И сразу словно грозовое облако нашло. Лица художников померкли. Что это за списки? Что собираются с ними делать? Как сегодня решается судьба каждого из них тут, за закрытой дверью купе? Они, да и все мы знали, как непрочна репутация людей, незащищенных административно, не имеющих утвержденного имени. Вот «Стрела» двинулась в путь. Часа через два миновали ничтожную деревушку под названием — о, прочность репутаций утвержденных— «Большая Вишера» и остановились у большой станции под названием «Малая Вишера». Мы прошли мимо вагона судьбы. Взглянули на вершителей судеб. Пишут! Художники еще более потемнели и пошли за пивом. И Чарушин померк более всех. Еще года два — три ничего я не слышал о нем и вдруг узнал: на заседании в Москве при распределении каких‑то премий Чарушин до того расстроился, что свалился и был увезен в больницу. Не то инфаркт, не то спазм. Через полгода примерно встретились мы во Дворце пионеров. Чарушин стал осанистым, постарел, но не так, как в Кирове. Тут не спросишь: «Дедушка, а ты зачем пришел?» А скорее скажешь: «Присаживайтесь, барин». Рядом как страж еще более встревоженная жена, неусыпный страж поведения и здоровья. Прелестный их мальчик Никита, необыкновенно одаренный художник в детстве, стал вдруг с годами словно бы выветриваться или осыпаться как художник. Так что дома нечем было утешиться. И Чарушин снова взбунтовался. Жажда греха и свободы, и наслаждения овладела им. И по роковому закону он снова попался. На этот раз с шумом, позором, угрозой суда. И он выстрелил себе в грудь из охотничьей винтовки, но промахнулся. Отстрелил часть мышцы и был, казалось бы, спасен и от попреков, и от суда, и от смерти. Но вот через год примерно узнаю я с ужасом, что сошел Чарушин с ума. Мания преследования! И увезен в психиатрическую лечебницу. Через полгода поправился.
Потом снова принялся твердить, что его травят, считают не советским художником, что он погибает. Просил есть и пить. И снова увезли его в сумасшедший дом.

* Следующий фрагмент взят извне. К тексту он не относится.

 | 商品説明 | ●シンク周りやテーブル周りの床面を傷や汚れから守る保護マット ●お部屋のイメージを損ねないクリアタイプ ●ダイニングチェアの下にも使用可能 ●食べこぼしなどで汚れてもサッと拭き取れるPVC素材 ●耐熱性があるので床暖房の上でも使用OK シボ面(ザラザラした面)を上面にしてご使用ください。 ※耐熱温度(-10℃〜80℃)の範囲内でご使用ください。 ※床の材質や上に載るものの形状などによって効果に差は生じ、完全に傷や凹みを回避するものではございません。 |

И применили новый способ лечения. Шок. Некоторое подобие электрического стула. Передернуло его током раз и два и, как это ни странно, электричество внесло порядок и свет в его перекрученную и замученную душу. И он поправился, и как будто находится в том самом более или менее устойчивом равновесии, что стоило ему стольких усилий и испортило ему столько крови. Послушный, тихий, не грешит, а, по слухам, работает.
Черкасов Николай Константинович[0] — невинный простак, искренне верующий в себя как в человека государственного, многозначительного и гениального. Много лет находясь на содержании государства, привык к этому и требует спокойно, чтобы строили ему дачу, отправляли за границу лечиться и так далее, и тому подобное. И все это с полной убежденностью, что так ему и положено. Деляга и хапуга урвет потихонечку, из- за угла, он же при полном электрическом освещении, будто великий князь по цивильному листу. Однажды, вернувшись из Индии, зашел он к нам в Комарово, рассказал о поездке. Рассказал интересно. Но как припев через весь рассказ шло: «так приветствовали, такие речи произносили!» Мы позвали его обедать. Он пришел. В окно я заметил, что несет он с собою большой белый сверток и удивился. Неужели решился великий князь принести что‑то к обеду? Это было не в обычаях дома. И в самом деле: в свертке оказались переводы приветственных речей, что говорились в адрес нашего Коли в Индии, Обычное банкетное, полное вежливости красноречие. Но Черкасов принял его всерьез, как великие князья — приветственные крики на улицах. Впрочем, это еще полбеды. И скорее смешно. А вот что невесело — разучился Черкасов играть. Сам того не понимая, задохнулся и обленился. От отсутствия воздуха, сопротивления живой актерской среды. Не было риска проиграть, — и он разучился играть. Ходит важный, как собственный монумент, пустой внутри, совсем пустой. Даже писать о нем нечего.